The upshot is that this won’t be resolved for a while yet. And the Milk are going to have to go beyond the rumoured 750k or so currently rumoured to be the ballpark figure. That sounds like big money, and there are risks that we’ve talked about before with signing older props (i.e. they drop off a cliff after 30, and Joe will turn 30 in the first year of this extension). It’s almost certain that the last years of a four year deal (as has been suggested Tapine is likely to get) would be inefficient. As many would note it doesn’t make sense to pay elite half money for a prop – but then Canberra don’t get to be run like a normal team. If they could go out and buy a highly-paid high-value half i’m sure they would. But instead they have to either create their own or take the discards of others.

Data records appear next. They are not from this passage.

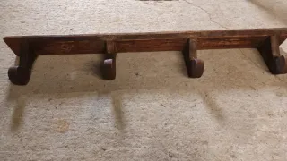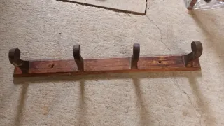 perchero antiguo de madera con un diseño antiguo y rústico. D los d antes. Ideal para proyecto restautacion decoracion.... sta tratado se ve en las fotos, a espensa d barniz cera.....80 cm d largo - Cuatro ganchos para colgar. - Fabricado en madera oscura.
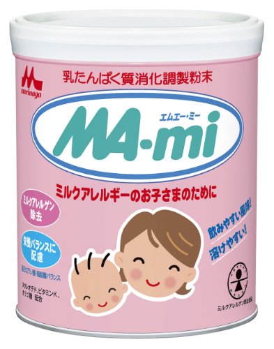 ●【商品説明】●「森永 MA-mi 850g」は、高度の酵素消化と膜ろ過によってアレルゲン性を低下した良質の乳たんぱく質消化物に、脂質、炭水化物、ミネラル、ビタミンなど、お子様の発育に必要な栄養素をバランス良く配合したミルクアレルギー用粉ミルク(アレルゲン除去食品)です。●育児用ミルク、牛乳などを与えて下痢や湿疹などの症状がでるお子さまにお使いいただけます。●【使用上の注意】●*本品は、医師に牛乳たん白質の摂取制限を指示された場合に限り、必ず医師、管理栄養士等のご使用に従ってお使い下さい。●本品はミルクアレルギーの食事療法の素材として適するものであり、本品を多く摂取することによって疾病が治癒するものではありません。●必ず缶に入っている専用スプーンをお使いください。●哺乳びん、乳首などの哺乳器具は他の育児用ミルクや牛乳、卵、大豆成分などが付着していない清潔なものをご使用ください。●標準的な使い方は、フタの表の使用量を目安にして、お子さまの成長、離乳の進み具合に合わせて量や回数を加減してください。●1回分ずつ調乳し、作りおきや飲み残しは与えないでください。●本品は、森永...
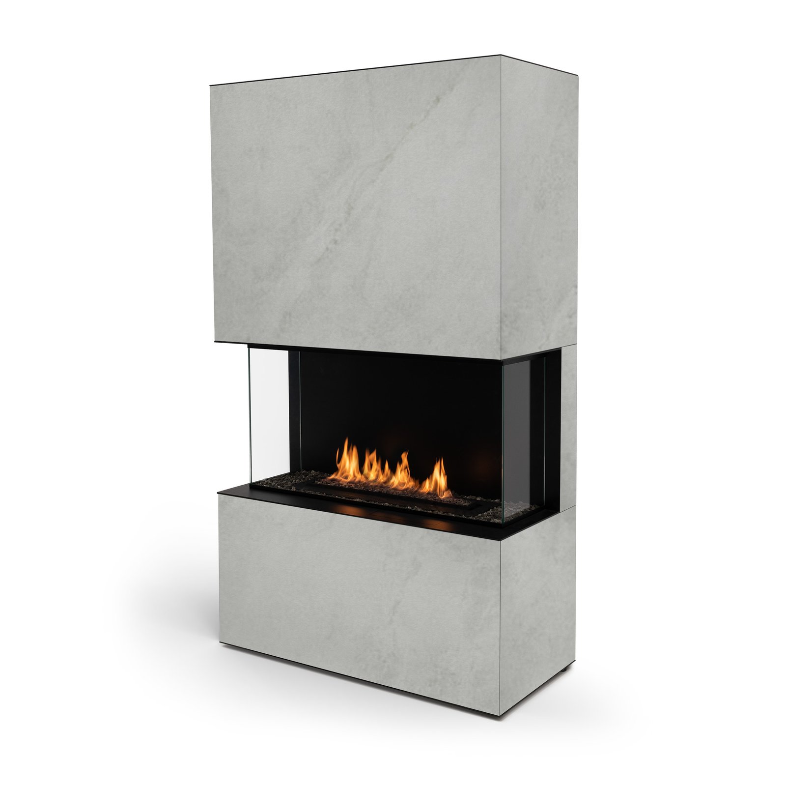 Stone Fireplace is an automatic BEV fireplace perfect for any indoor space – small or big thanks to its simple design. It can fit effortlessly with any interior style, especially modern, industrial or Scandinavian. The burner of Stone Fireplace is enclosed behind hot-tempered glass, but the heat is distributed through the hood of the fireplace, which allows to increase the temperature in the room. Quick and easy to use thanks to the Plug&Play solution.
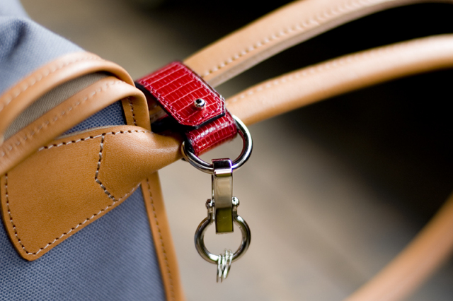 留める金具が2つ付いているので、外側の金具を外してもバッグハンドルやケーブルからYUFUが外れることはありません。取り外しできるクリップとキーリングが付属します。
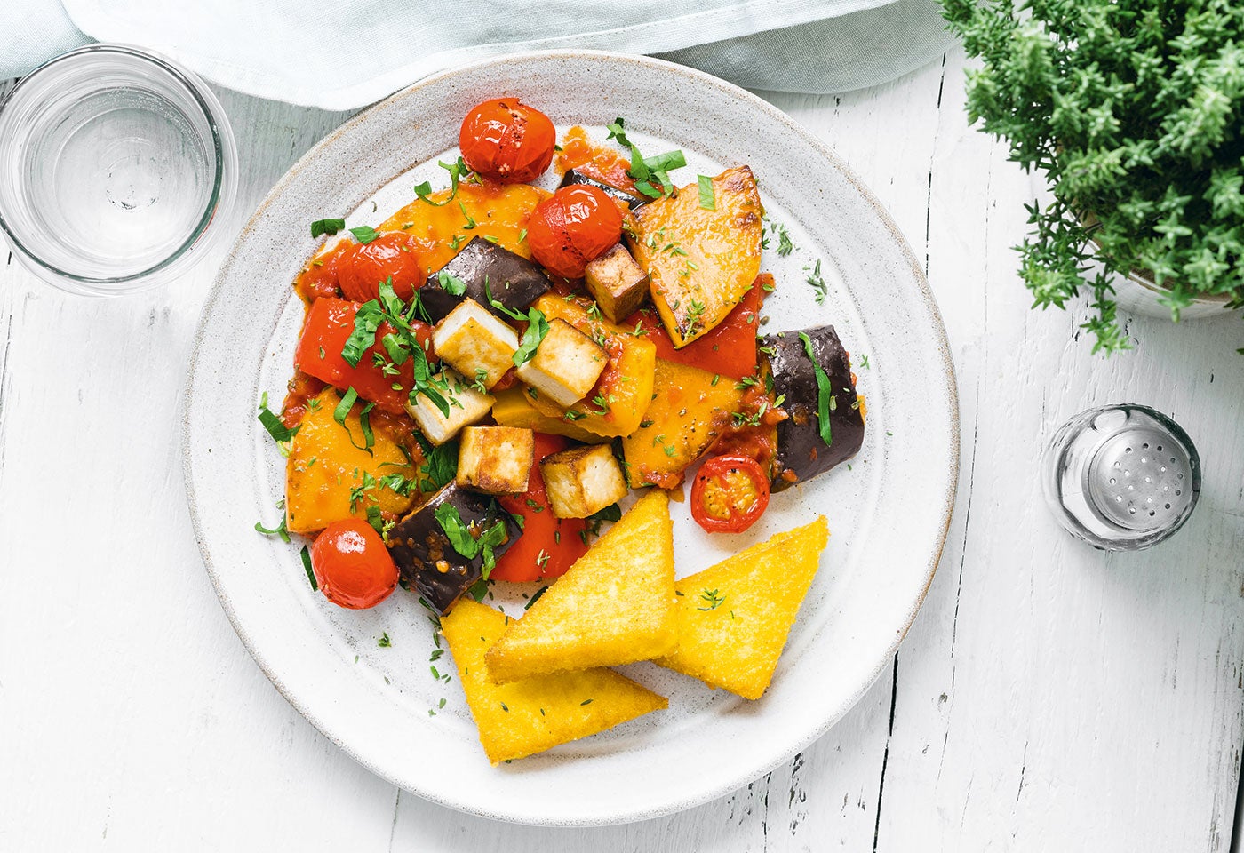 Kürbis-Ratatouille mit Tofu und knusprigen Polenta-Ecken
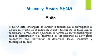 El documento describe las funciones y servicios del Servicio Nacional de Aprendizaje (SENA) de Colombia. El SENA ofrece formación profesional integral a trabajadores colombianos para contribuir al desarrollo social, económico y tecnológico del país. Sus servicios incluyen salud, deporte, cultura, bienestar y formación en habilidades blandas. El SENA también utiliza plataformas como Sofía Plus y Blackboard para facilitar la orientación y cursos de formación a distancia.

The Raiders shouldn’t be scared of paying for talent – it’s not an option they normally have. It’s not like they need to save their cap space to attract talent, just keep it. Retaining Tapine (and Harley Smith-Shields and Adrian Trevilyan) should be the short term focus, and with Hodgson, Sutton, Elliott, Rushton, and Charnze all coming off the cap, and only Pasami Saulo and Ata Mariota’s upgrade being added, there should be plenty in the bank. Moreso, with the cap expected to increase substantially for the start of the 2024 season, there’s a strong likelihood that (for example) 900k for Tapine will seem much more manageable by the time the deal starts.

I would prefer this was a done deal, but then that’s not how negotiating works. Tapine has been well paid as a rugby league player, but this is his likely his last big contract. It’s going to be full value, so this could take some time.